- **Exercise instructions**
Retype every line from the start of the data down to and including the line with "chest, straight hem.". Skip the pictures.

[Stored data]
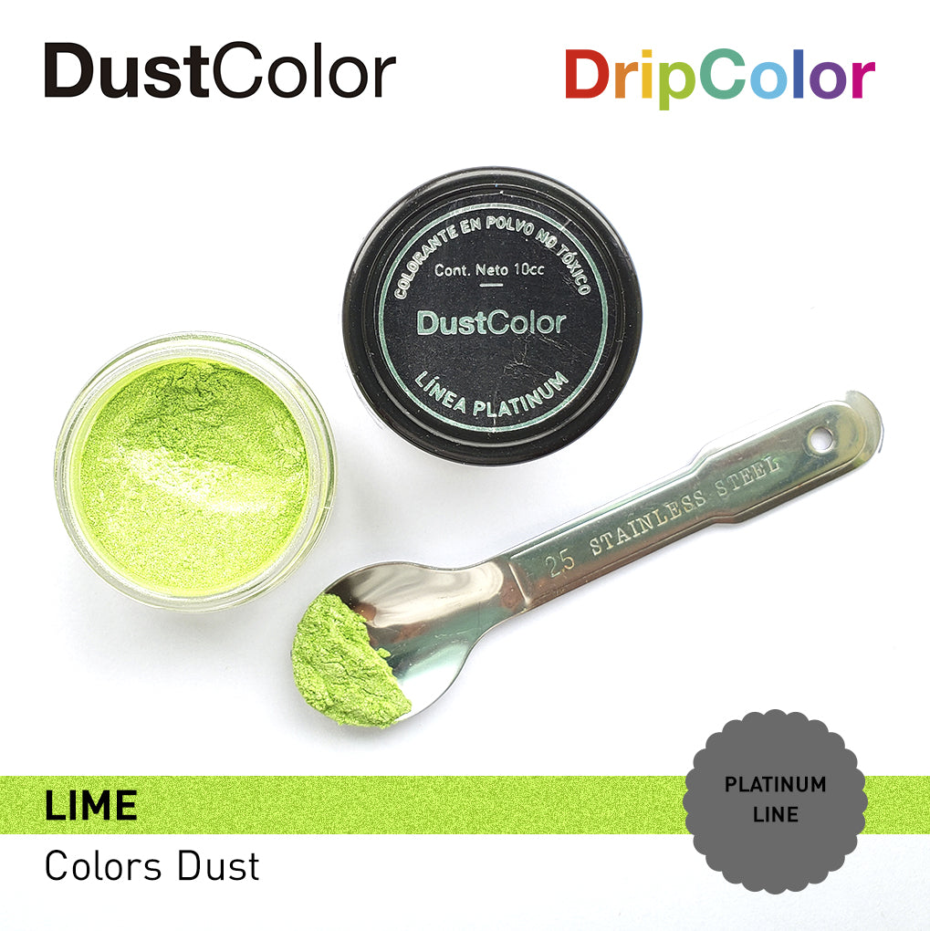 Colores verde lima nacarados para manualidades. Producto NO TÓXICO ideal para la decoración de pasteles. Encuéntrate con una amplia gama de preparados que se beneficiarán de estos nuevos colorantes. Cada bote DustColor tiene 10cm3 de colorante.
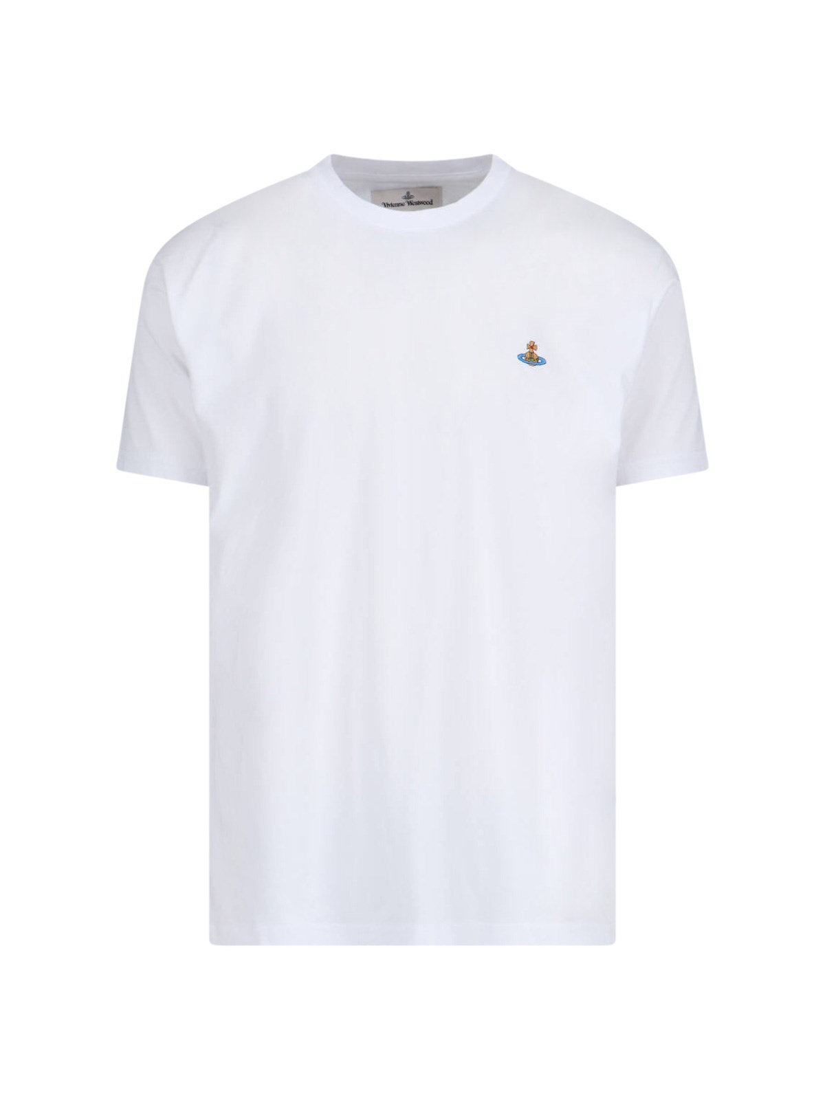T-shirt logo "Orb" by Vivienne Westwood, made of white cotton, crew neck, short sleeves, multicolor logo embroidery on the chest, straight hem.
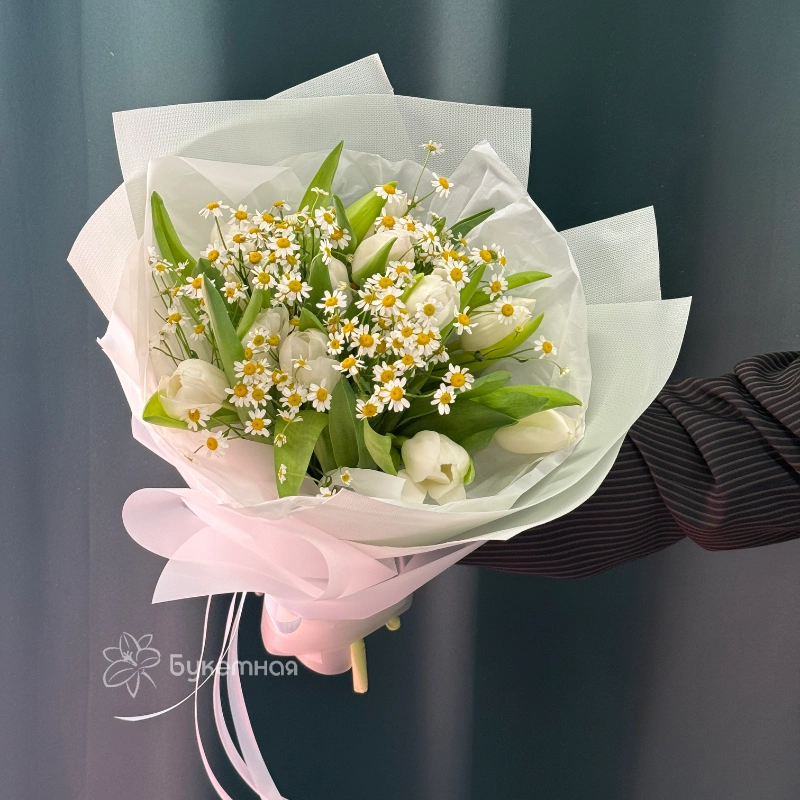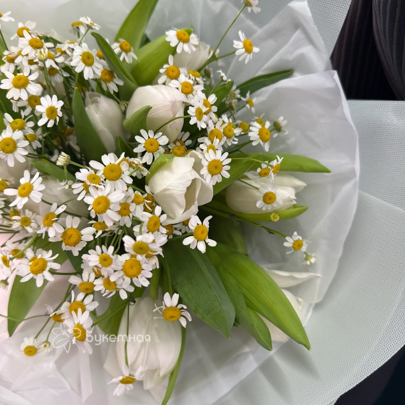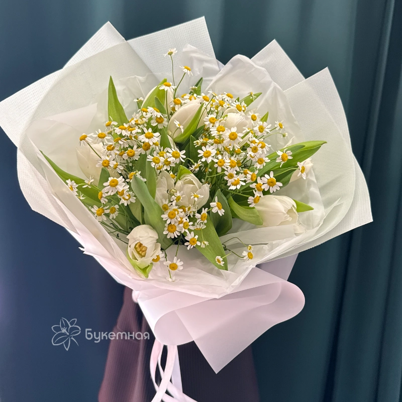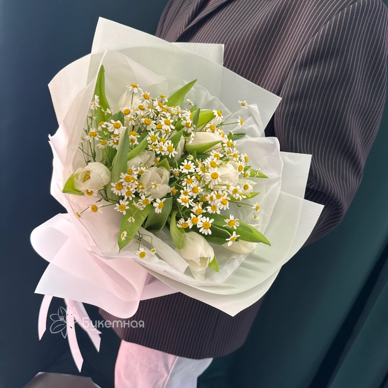 Подарите сказочный настрой с букетом «Люси», в котором сочетаются изящные тюльпаны и бархатистая матрикария. Этот яркий и элегантный букет идеально подойдет для любого повода, подчеркнув вашу заботу и внимание. Создайте особенное настроение и удивите близких красотой природных цветов, выбрав «Люси».
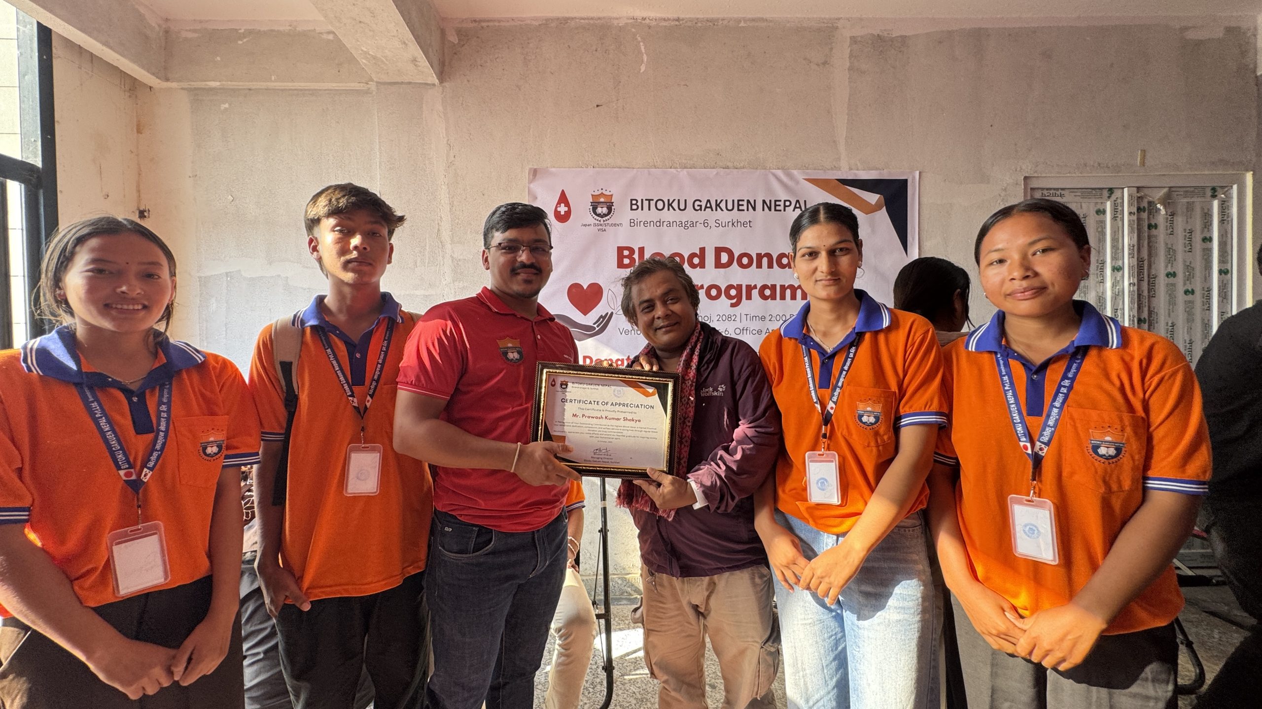 वितोकु गाकुएन नेपालका प्रवन्ध निर्देशक एवं दुर्लभ समूहका स्वयंसेवी रक्तदाता भुवन खरालले केही दिन यता रगतको अभाव भएको खबर पाएपछि आफ्नो प्रशिक्षण केन्द्रमा अध्ययन गर्ने विद्यार्थीहरुबाट रक्तदान गराएको बताउनुभयो । उहाँले भन्नुभयो “रगत अभावको खबर सुनेका थियौ अनी समाजिक सञ्जाल फेसबुकको समूह मोटे ग्याङ्ग नेपालका एडमिन कुमार शम्सेर थापाको सहयोगमा अध्ययनरत विद्यार्थीबाट रक्तदान गर्न लगाएका हौं ।”
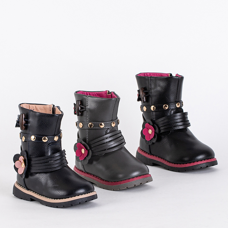 • Detské čižmy vyrobené z ekologickej kože. Zateplené teplým ovčím kabátom, na zips. Ozdobný zvršok im dodáva dievčenský šarm!

- **Exercise response**
 Colores verde lima nacarados para manualidades. Producto NO TÓXICO ideal para la decoración de pasteles. Encuéntrate con una amplia gama de preparados que se beneficiarán de estos nuevos colorantes. Cada bote DustColor tiene 10cm3 de colorante.
T-shirt logo "Orb" by Vivienne Westwood, made of white cotton, crew neck, short sleeves, multicolor logo embroidery on the chest, straight hem.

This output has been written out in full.